Is ARL entitled to a declaration on its Part 8 application?
Since I have already held that the last sentence of paragraph 1.4 and paragraphs 1.5 and 1.6 of the Decision are inconsistent with my conclusions and do not reflect the legal entitlement of GOL, I must now consider whether ARL is entitled to any relief on its Part 8 application.
ARL seeks various declarations including the following: (i) the adjudicator had no jurisdiction to issue the Decision, (ii) that the adjudicator erred in law and/or in fact in his conclusions in his Decision, (iii) an order that the Decision be set aside and (iv) the sum of £1,379,117, alternatively £409,921. Of these two last figures, the former is the negative balance shown in Certificate No 36 and the latter is the reduced negative balance in Certificate No 35 after correctly taking into account the adjudicator’s valuations of GOL’s two claims.
I have already decided that ARL is not entitled to the first of the above declarations. As to the second, I accept that the adjudicator erred in law and/or in fact in his Decision, but I have also decided that this does not justify setting aside the Decision. This disposes of the third declaration. As to the fourth declaration, I cannot determine what sum was owed either to ARL or to GOL. That would require an investigation of the whole account. Accordingly that declaration cannot be made.
In paragraph 28 of the Particulars of Claim ARL pleaded that: “In ordering ARL to pay any sum to GOL, the Adjudicator ignored his own findings as to what ARL had credited GOL with in Certificate 35 and accordingly . . . was wrong in law”. It seems to me that since ARL has identified specifically the error of law of which it complains, it should not be denied relief simply because the second declaration is worded in rather general terms.
Conclusions
I consider that, in the light of my conclusions in this judgment, ARL is entitled to a declaration to the effect that the adjudicator was wrong to order payment of sums to GOL in respect of his assessment of the value of its claims in payment application No 36 without taking into account and, if appropriate deducting from the amounts assessed, any sums that ARL had paid or allowed to GOL by the date of the Notice of Adjudication.
GOL’s application for summary judgment is granted insofar as it relates to the adjudicator’s award in respect of costs of £44,453.25, together with interest in an amount to be assessed if not agreed, and the order for the payment of the adjudicator’s fees.
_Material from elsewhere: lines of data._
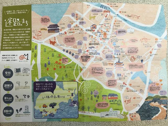 过去,小豆岛曾是濑户内海中海盗的据点之一。据传居民为了躲避海盗,刻意将土庄港一带的道路建造得相当曲折。艺术节作品“迷路之街——变幻自在的路地空间”就位于这样的街道中。“迷路之街”过去是旧香烟店,在高龄的屋主过世后已有约10年无人居住,艺术家将这间外观普通的民宅内部大加改造,设有各式机关,每推开一扇门都会通往意想不到的地方,成为别具巧思的迷宫。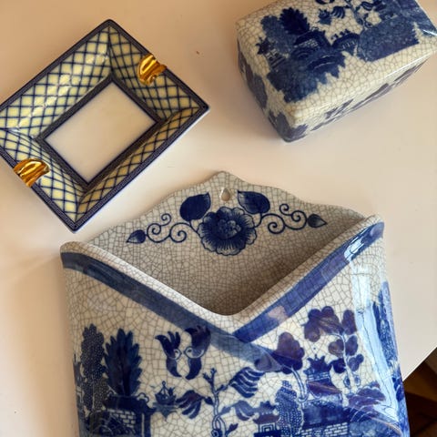 Nydelig vintage fat I porselen med messing.
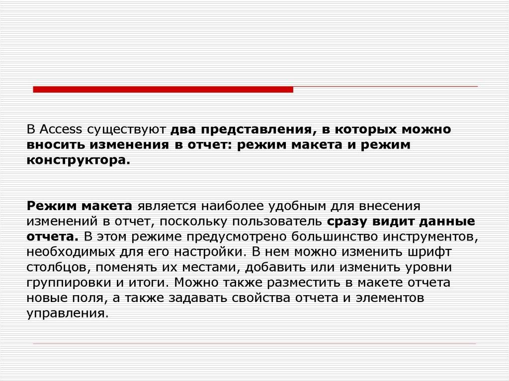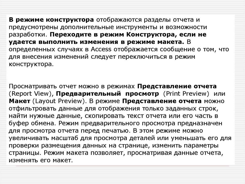 страницы. Режим макета позволяет, просматривая данные отчета,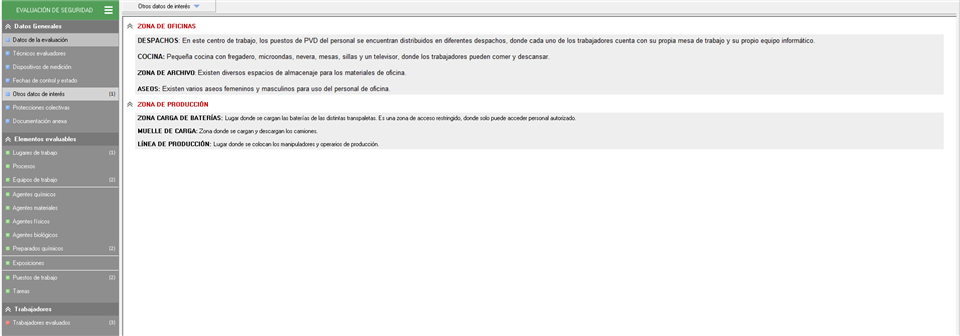 Dentro de esta pestaña podremos añadir todos aquellos datos que consideremos deben de estar presentes en la evaluación de riesgos pero no tienen cabida en otro apartado. La forma de crearlo dentro de esta herramienta sería con la creación de Apartados y Datos de interés (menús que podremos visualizar al pulsar sobre el desplegable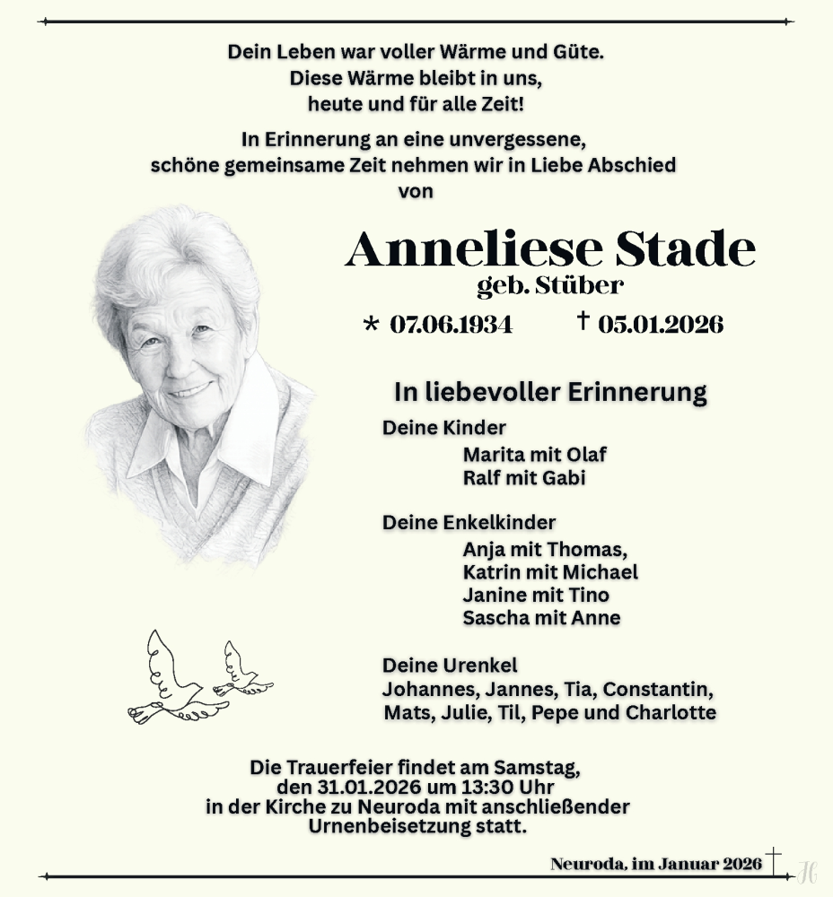 Hier finden Sie alle Traueranzeigen aus der Zeitung, die bisher für Anneliese Stade erschienen sind. Weitere Traueranzeigen, die in der Zeitung erscheinen, werden hier ebenfalls aufgelistet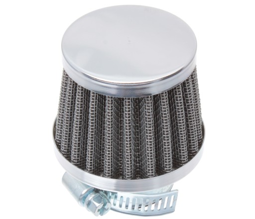 OPIS: TUNINGOWY FILTR POWIETRZA, STOŻEK, CHROMOWANY, METALOWY Z SIATKĄ, ROZMIAR M. CAŁOŚĆ POSIADA SPECJALNĄ OBEJMĘ MOCUJĄCĄ. MOŻNA GO CZYŚCIĆ W BENZYNIE ORAZ STOSOWAĆ SPECJALNE PIANKI I OLEJE DO FILTRÓW. GUMA FILTRA ZDEJMOWANA.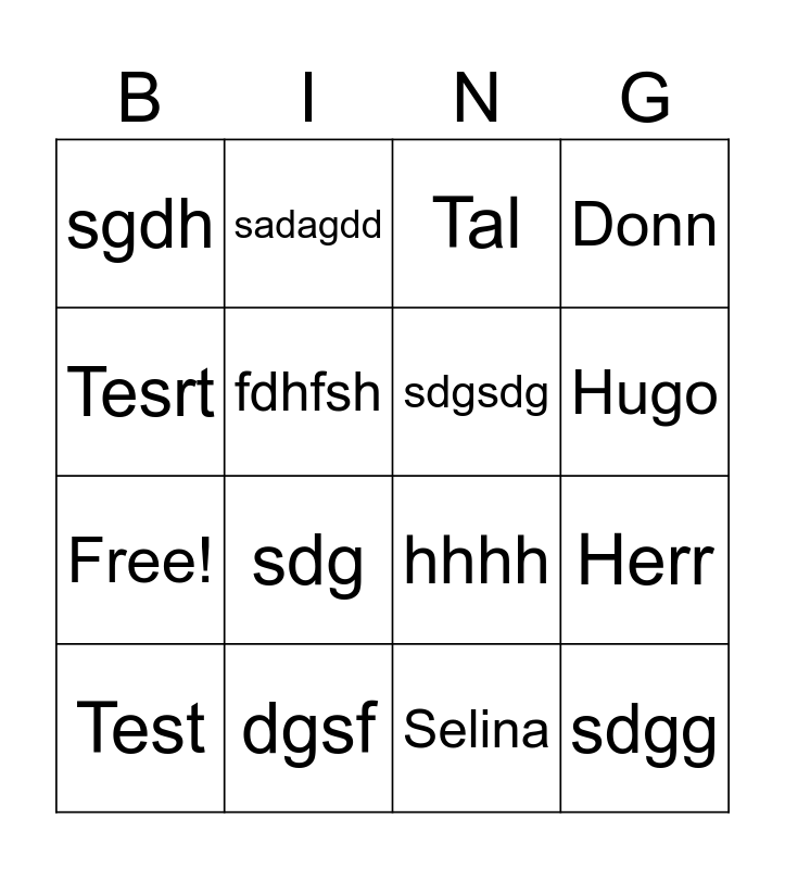 This bingo card has 20 words: Herr, Hirte, Tal, dsgsdg, Test, Tesrt, dgsf, sgdh, Free!, sadagdd, sdg, hhhh, fdhfsh, sdgg, sdgsdg, werwr, Hugo, Donn, Selina and Herb.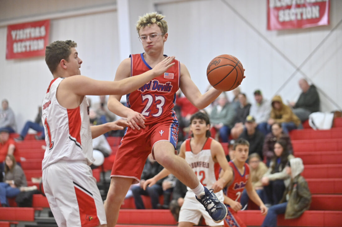 In the waning seconds of the third quarter, Bloomfield’s Mason Pequignot heaved up a shot from half court, falling in at the buzzer much to the delight of everyone in the building, even the Red Devils. A good shot is a good shot.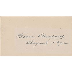 Neat ink signature, "Grover Cleveland, August 1892,” on an off-white 3.5 x 2 evenly clipped card. In fine condition.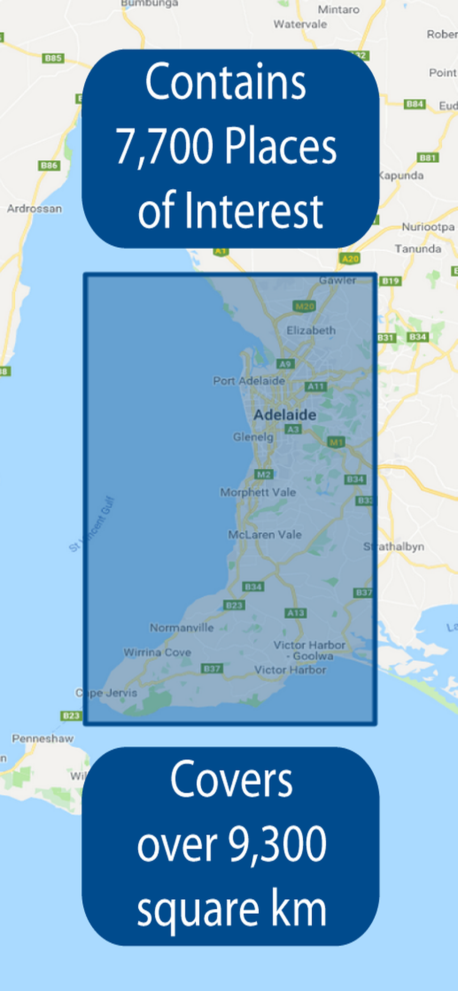 This version for Adelaide,South Australia, locates places around the city and surrounding areas, extending northwards to Gawler and south Cape Jervis. This is an area of over 3,600 sq miles (9,300 km2).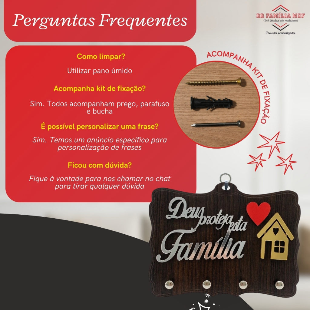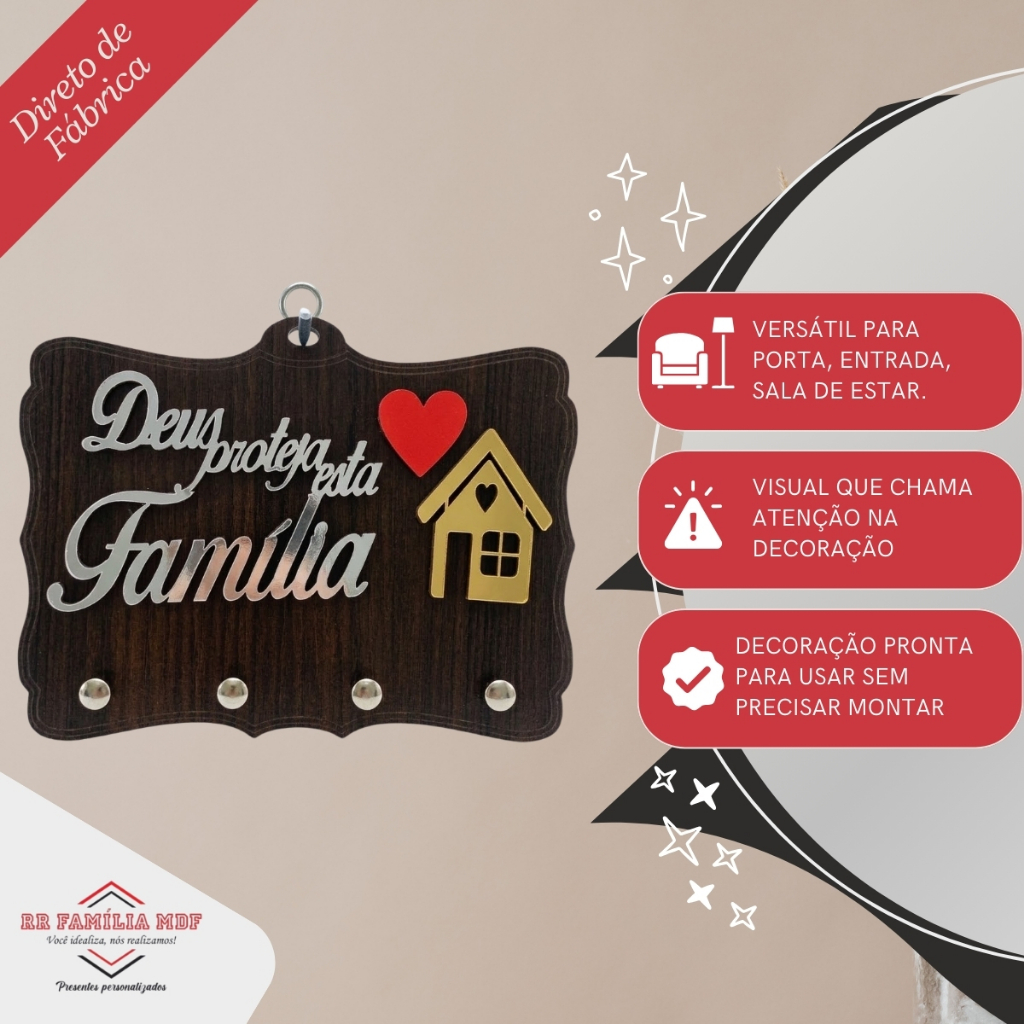 Porta chave MDF 2D alto relevo modelo DEUS PROTEJA ESTA FAMILÍA
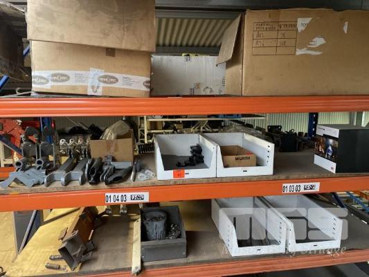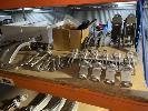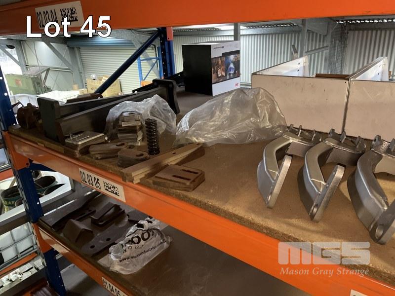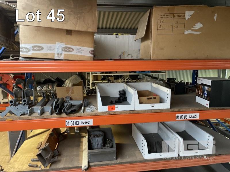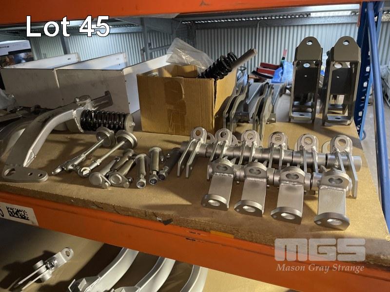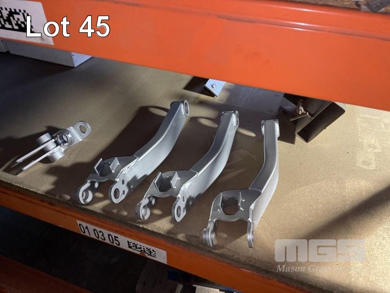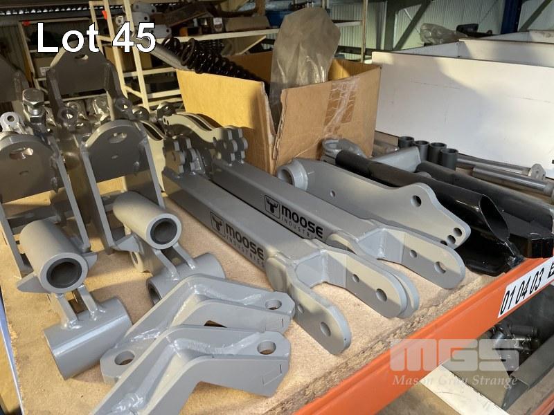 RACK OF FINISHED PRODUCT, MOOSE ARMS, PINS, BUSHES, SPRING SET, ETC, (NOT INCLUDING RACK)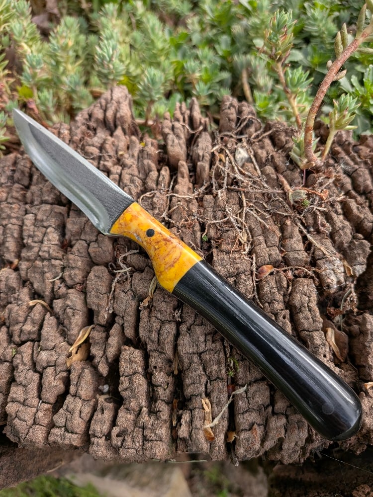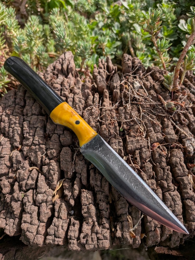 SINGLE EDGED, SCANDI GROUND AND MADE FROM A VINTAGE BASTARD FILE. SPINE HAS BEEN TAPERED FOR INCREASED PENETRATION.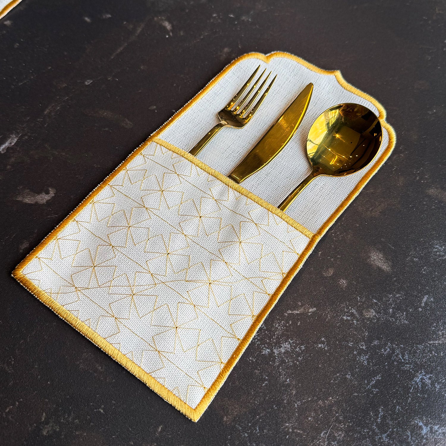 İslami motiflerden ilham alan 3 parçalı kumaş sofra seti; tabak altlığı, peçete ve çatal-kaşıklıktan oluşur.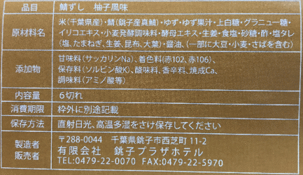 | 製造 | 有限会社銚子プラザホテル 千葉県銚子市西芝町11-2 0479-22-5970 https://www.choshiplaza.com/ |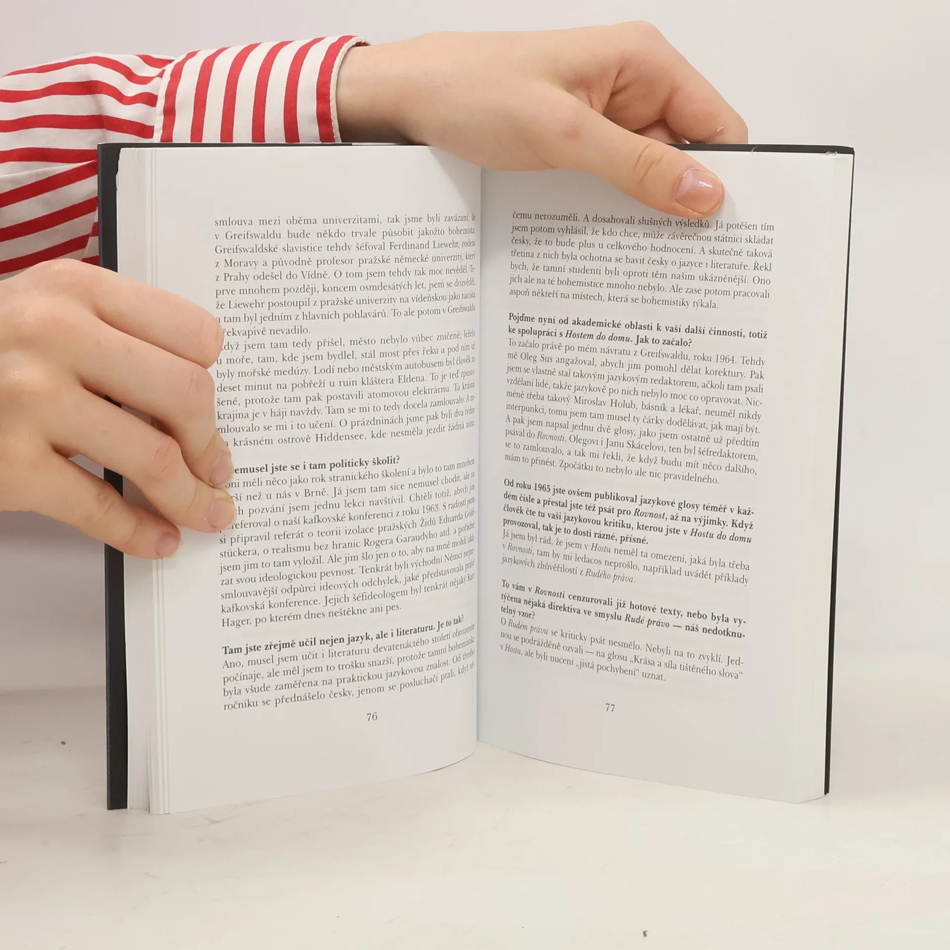 Profesor Dušan Šlosar je výrazná brněnská osobnost, která vychovala několik generací bohemistů a za nechala nesmazatelnou stopu v oblasti historického vývoje jazyka a dialektologie. Nadto mu není cizí přemítání o jazyce způsobem přístupným pro širší publikum: napsal tři popularizační knihy, které se setkaly s velmi vřelým ohlasem. Téměř celým svým odborným životem je spjat s brněnskou filozofickou fakultou. Rozhovor, který s ním vedou dva jeho bývalí žáci, se drží životopisné linie: dětství ve Staříči a sousedním Sviadnově u Frýdku-Místku, studia v Brně, první zaměstnání v Akademii věd, brněnská fakulta v 60. letech, srpnová invaze v Brně, normalizace, listopad 1989 a to, co přišlo po něm. Závěrečná kapitola je věnována otázkám jazyka a jazykové kultury, zejména té současné. Dušan Šlosar se v rozhovoru ukazuje jako osobnost všestranných zájmů, jasných a neuhýbavých názorů a velmi plastické paměti, která je schopna vynést na světlo dávno zapomenuté lidi i události. Kniha je vybavena bohatým doprovodným materiálem (fotografie, kopie zajímavých dokumentů ad.), soupisem hlavních prací Dušana Šlosara a životopisným kalendáriem.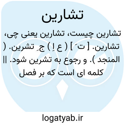 تشارین. [ ت َ ] ( ع اِ ) ج ِ تشرین. ( المنجد ). و رجوع به تشرین شود. || کلمه ای است که بر فصل خریف ( پاییز ) دلالت کند. ( از المنجد ). || در نزد مردم برگ درخت توت است که در این دو ماه ( تشرین اول و تشرین دوم ) از درخت چیده و بمصرف تغذیه گاو و غیره رسانند. ( از المنجد ).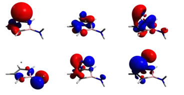 Furthermore, synthetic evidence for a neutral η5‐aminoborole germanium(II) complex half sandwich has been reported[32] as illustrated to the right. Tholen et al. performed DFT calculations at the M06‐2X/Def2‐TZVP level of theory and determined that the model complex matched up closely with experimental data determined experimentally by X-Ray Diffraction (XRD), with a maximum of 1.6% deviation in atomic distances and angles. Using the model compound, its frontier orbitals were calculated and they reveal covalent bonding interactions between the apical germanium atom and the borole base. As shown in the figure to the right, the HOMO is mainly located at the nitrogen atom while HOMO‐1 and HOMO‐2 are bonding combinations of germanium 4px and 4py orbitals with the π orbitals of the borole ring. HOMO‐3 is the antibonding combination of mainly the germanium 4s and 4pz orbitals and the lowest π orbital of the borole ring.

Otherwise the application is refused. However, for the avoidance of any doubt, I am making no determination in respect of paragraphs 1.1 to 1.3, and the first sentence of paragraph 1.4 of the adjudicator’s Decision. Those parts of the Decision will remain binding unless and until they are set aside or varied in subsequent litigation.
In the absence of agreement between the parties, I will hear counsel further on the precise form of the declaration that I am minded to grant and in relation to the costs of the application.
Finally, I cannot leave this judgment without expressing my admiration at the manner in which the adjudicator set about this difficult adjudication. He made one very short but significant error, possibly as a result of a misunderstanding, but in all other respects the Decision appears at first sight (I have not seen all parts of it) to be a model of its kind.